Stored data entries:
============================================================

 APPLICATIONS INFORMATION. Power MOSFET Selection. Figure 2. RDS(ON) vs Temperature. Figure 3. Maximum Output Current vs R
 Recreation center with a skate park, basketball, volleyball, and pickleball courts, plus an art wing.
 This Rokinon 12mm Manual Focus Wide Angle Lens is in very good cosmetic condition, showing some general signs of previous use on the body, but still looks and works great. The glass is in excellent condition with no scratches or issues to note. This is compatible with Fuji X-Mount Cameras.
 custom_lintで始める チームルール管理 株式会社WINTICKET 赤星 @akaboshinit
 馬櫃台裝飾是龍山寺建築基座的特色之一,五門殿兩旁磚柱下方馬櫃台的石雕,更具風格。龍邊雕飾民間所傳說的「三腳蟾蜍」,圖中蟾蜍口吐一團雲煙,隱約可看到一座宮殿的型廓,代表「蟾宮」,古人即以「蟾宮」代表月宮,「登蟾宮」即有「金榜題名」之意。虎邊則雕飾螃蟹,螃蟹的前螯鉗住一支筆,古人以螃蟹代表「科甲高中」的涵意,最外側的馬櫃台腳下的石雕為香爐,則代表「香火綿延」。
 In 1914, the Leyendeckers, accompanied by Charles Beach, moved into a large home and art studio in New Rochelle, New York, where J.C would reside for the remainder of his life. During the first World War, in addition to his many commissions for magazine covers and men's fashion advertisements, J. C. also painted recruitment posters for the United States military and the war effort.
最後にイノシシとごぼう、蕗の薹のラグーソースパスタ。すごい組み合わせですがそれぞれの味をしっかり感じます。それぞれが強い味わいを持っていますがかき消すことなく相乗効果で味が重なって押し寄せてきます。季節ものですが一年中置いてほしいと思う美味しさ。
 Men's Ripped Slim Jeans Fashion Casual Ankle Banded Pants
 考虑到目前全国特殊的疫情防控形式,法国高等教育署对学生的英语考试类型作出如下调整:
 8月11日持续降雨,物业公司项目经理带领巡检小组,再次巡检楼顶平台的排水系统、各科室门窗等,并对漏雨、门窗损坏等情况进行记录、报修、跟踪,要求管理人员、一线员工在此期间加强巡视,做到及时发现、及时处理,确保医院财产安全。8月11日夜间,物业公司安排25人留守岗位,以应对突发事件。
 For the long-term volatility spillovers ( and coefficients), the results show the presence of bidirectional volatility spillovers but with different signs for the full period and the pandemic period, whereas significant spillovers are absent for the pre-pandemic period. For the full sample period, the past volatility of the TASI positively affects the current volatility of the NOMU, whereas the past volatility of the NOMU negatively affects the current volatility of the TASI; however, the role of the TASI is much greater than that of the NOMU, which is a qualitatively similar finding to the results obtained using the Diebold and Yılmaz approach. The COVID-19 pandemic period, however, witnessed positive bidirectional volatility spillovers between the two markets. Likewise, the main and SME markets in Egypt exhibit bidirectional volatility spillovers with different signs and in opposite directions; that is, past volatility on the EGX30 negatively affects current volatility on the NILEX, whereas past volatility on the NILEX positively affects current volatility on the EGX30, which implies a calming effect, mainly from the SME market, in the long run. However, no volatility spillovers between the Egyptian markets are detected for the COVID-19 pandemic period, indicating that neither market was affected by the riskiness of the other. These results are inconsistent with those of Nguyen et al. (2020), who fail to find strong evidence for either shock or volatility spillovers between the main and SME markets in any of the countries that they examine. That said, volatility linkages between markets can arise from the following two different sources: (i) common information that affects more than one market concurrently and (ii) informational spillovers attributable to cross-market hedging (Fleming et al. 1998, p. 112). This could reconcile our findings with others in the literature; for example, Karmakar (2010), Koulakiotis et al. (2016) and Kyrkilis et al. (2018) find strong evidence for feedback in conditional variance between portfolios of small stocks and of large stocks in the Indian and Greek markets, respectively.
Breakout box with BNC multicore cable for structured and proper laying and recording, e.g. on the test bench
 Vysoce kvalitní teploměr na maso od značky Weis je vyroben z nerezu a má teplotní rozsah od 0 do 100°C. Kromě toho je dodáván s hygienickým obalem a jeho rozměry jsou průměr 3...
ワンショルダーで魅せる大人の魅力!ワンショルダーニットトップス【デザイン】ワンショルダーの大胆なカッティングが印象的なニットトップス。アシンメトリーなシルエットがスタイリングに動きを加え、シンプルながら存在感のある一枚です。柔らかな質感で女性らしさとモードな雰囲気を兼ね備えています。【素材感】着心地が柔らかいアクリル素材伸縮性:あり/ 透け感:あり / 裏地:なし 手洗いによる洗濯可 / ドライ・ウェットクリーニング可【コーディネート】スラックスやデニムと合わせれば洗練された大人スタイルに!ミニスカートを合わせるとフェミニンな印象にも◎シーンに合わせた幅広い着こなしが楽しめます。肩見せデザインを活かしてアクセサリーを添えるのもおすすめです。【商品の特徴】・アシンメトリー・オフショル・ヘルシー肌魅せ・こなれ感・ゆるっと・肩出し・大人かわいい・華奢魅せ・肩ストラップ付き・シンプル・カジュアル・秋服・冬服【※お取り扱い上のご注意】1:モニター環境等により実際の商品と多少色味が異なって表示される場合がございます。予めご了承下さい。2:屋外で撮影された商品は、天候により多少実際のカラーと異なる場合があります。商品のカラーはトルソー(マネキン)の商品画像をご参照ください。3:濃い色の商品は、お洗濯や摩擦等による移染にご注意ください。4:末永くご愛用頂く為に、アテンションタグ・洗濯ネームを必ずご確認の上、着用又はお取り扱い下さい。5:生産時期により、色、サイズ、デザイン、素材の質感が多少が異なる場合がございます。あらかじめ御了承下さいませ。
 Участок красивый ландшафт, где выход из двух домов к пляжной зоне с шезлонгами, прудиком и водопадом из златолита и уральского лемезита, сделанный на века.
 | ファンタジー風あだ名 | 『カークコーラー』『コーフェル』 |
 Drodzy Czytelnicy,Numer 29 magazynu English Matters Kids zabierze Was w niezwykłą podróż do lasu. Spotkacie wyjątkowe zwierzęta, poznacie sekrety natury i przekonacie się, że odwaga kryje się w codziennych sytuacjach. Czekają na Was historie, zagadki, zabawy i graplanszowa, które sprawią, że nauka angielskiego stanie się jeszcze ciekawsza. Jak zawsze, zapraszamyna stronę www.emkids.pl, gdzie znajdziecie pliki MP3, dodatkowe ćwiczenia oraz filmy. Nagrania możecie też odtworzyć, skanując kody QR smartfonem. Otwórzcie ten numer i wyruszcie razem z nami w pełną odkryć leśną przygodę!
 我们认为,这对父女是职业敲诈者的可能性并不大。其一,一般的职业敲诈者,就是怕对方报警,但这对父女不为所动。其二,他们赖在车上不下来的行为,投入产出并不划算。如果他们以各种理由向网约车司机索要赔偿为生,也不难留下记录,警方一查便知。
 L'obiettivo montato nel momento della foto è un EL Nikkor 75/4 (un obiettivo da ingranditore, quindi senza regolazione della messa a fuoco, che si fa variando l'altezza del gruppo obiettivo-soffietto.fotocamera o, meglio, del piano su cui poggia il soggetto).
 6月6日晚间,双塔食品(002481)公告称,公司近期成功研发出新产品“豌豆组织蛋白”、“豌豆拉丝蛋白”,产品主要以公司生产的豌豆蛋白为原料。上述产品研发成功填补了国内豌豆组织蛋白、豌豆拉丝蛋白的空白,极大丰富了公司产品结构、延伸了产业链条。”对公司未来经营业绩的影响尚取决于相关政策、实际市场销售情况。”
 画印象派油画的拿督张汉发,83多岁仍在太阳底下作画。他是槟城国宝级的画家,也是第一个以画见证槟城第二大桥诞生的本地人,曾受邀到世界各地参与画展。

============================================================

Task: Could you please retype the lines from the start of the data through the line with "Recreation center with", both included, and nothing else?

Your response:
 APPLICATIONS INFORMATION. Power MOSFET Selection. Figure 2. RDS(ON) vs Temperature. Figure 3. Maximum Output Current vs R
 Recreation center with a skate park, basketball, volleyball, and pickleball courts, plus an art wing.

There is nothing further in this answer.